TASK GOAL → Show every line of the data below that includes the word "todos".

(Data entries)
┌──

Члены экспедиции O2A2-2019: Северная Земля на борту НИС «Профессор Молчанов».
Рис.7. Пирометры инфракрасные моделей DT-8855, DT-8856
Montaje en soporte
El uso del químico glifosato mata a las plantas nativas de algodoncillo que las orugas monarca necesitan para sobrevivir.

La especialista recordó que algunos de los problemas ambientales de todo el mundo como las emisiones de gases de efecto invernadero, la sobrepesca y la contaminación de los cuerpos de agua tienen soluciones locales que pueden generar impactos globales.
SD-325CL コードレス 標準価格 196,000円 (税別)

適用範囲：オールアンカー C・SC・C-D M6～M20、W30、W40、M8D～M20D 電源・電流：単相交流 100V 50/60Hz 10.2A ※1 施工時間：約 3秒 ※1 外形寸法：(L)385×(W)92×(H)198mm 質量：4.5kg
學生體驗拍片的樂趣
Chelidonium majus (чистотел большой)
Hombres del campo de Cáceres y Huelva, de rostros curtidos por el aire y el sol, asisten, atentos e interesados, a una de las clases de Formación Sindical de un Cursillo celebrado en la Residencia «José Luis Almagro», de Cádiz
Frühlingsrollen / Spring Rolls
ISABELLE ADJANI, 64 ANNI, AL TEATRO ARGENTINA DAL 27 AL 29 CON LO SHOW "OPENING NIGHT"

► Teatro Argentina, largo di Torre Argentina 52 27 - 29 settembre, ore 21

└──
┌──

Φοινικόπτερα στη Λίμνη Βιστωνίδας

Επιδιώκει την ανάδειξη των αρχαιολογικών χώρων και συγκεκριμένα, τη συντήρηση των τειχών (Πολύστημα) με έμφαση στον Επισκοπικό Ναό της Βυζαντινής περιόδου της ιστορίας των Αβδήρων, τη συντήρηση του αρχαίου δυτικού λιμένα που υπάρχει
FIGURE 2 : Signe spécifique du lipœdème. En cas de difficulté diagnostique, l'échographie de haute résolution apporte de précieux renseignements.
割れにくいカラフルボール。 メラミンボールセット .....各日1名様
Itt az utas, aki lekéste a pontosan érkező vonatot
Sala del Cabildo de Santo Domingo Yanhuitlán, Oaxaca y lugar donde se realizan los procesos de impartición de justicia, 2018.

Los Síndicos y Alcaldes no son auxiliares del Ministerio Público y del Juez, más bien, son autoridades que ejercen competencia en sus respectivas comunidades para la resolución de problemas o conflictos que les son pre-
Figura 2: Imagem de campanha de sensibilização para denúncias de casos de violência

└──
┌──

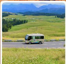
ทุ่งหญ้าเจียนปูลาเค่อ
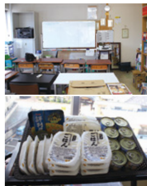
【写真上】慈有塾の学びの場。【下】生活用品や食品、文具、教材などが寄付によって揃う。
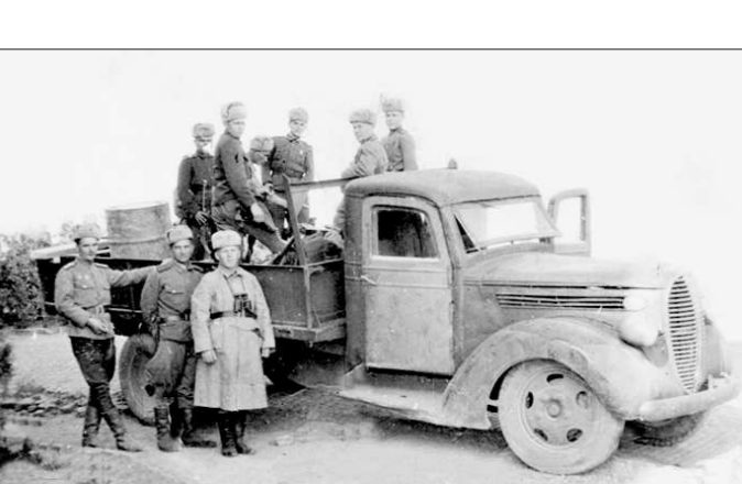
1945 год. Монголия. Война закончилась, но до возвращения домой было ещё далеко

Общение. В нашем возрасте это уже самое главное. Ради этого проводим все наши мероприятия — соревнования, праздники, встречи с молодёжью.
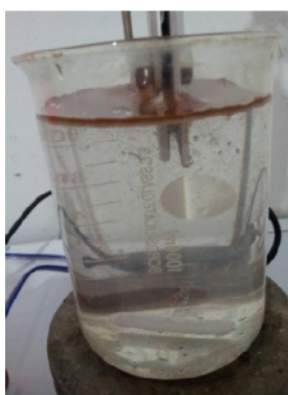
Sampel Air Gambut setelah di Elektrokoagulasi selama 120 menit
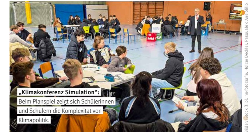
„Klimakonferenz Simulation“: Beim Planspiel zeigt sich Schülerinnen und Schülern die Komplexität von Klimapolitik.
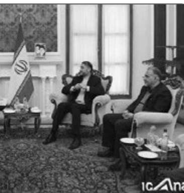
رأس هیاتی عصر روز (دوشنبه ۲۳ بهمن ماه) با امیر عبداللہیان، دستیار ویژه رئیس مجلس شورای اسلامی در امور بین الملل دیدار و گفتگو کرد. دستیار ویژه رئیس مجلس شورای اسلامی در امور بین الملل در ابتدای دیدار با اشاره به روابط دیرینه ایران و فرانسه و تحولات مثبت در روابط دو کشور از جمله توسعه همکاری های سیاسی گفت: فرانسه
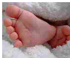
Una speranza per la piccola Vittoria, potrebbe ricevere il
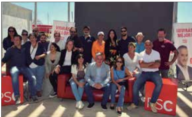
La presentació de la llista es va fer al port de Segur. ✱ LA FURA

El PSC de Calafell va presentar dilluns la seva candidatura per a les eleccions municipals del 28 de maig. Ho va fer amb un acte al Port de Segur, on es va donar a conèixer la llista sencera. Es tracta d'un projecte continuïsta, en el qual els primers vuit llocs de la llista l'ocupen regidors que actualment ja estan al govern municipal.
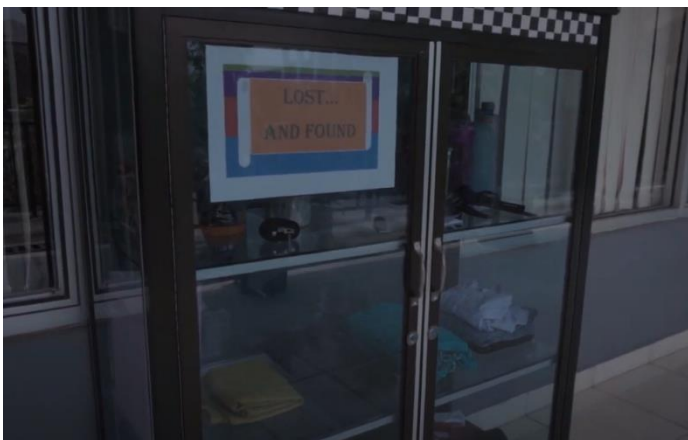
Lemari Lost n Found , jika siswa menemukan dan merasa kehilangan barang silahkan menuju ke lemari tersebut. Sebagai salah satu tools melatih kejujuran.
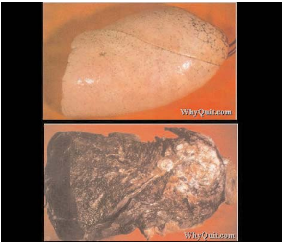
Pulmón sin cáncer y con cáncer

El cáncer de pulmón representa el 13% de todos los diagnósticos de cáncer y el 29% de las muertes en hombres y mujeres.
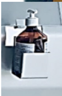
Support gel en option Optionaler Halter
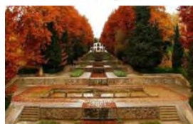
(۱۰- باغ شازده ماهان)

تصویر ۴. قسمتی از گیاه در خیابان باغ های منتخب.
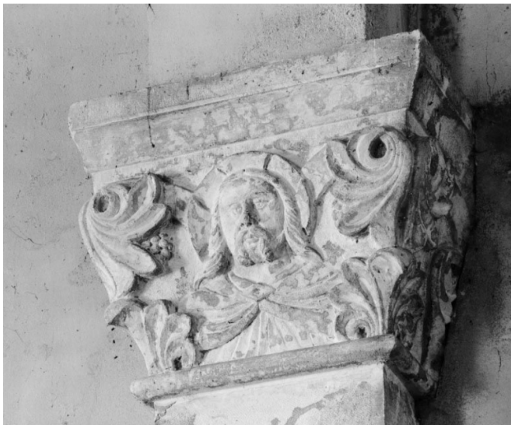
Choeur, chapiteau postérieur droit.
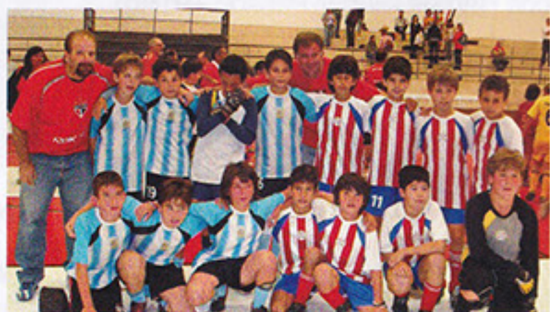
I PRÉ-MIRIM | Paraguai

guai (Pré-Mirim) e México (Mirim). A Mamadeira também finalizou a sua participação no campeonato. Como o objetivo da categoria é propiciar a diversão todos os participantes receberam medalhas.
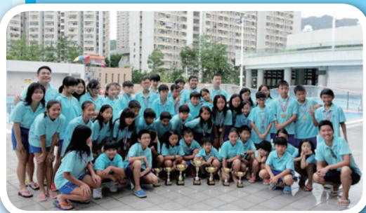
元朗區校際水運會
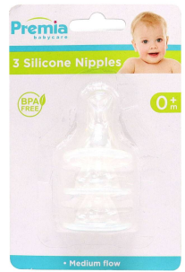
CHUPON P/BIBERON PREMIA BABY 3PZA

└──

TASK SOLUTION →
El cáncer de pulmón representa el 13% de todos los diagnósticos de cáncer y el 29% de las muertes en hombres y mujeres.
guai (Pré-Mirim) e México (Mirim). A Mamadeira também finalizou a sua participação no campeonato. Como o objetivo da categoria é propiciar a diversão todos os participantes receberam medalhas.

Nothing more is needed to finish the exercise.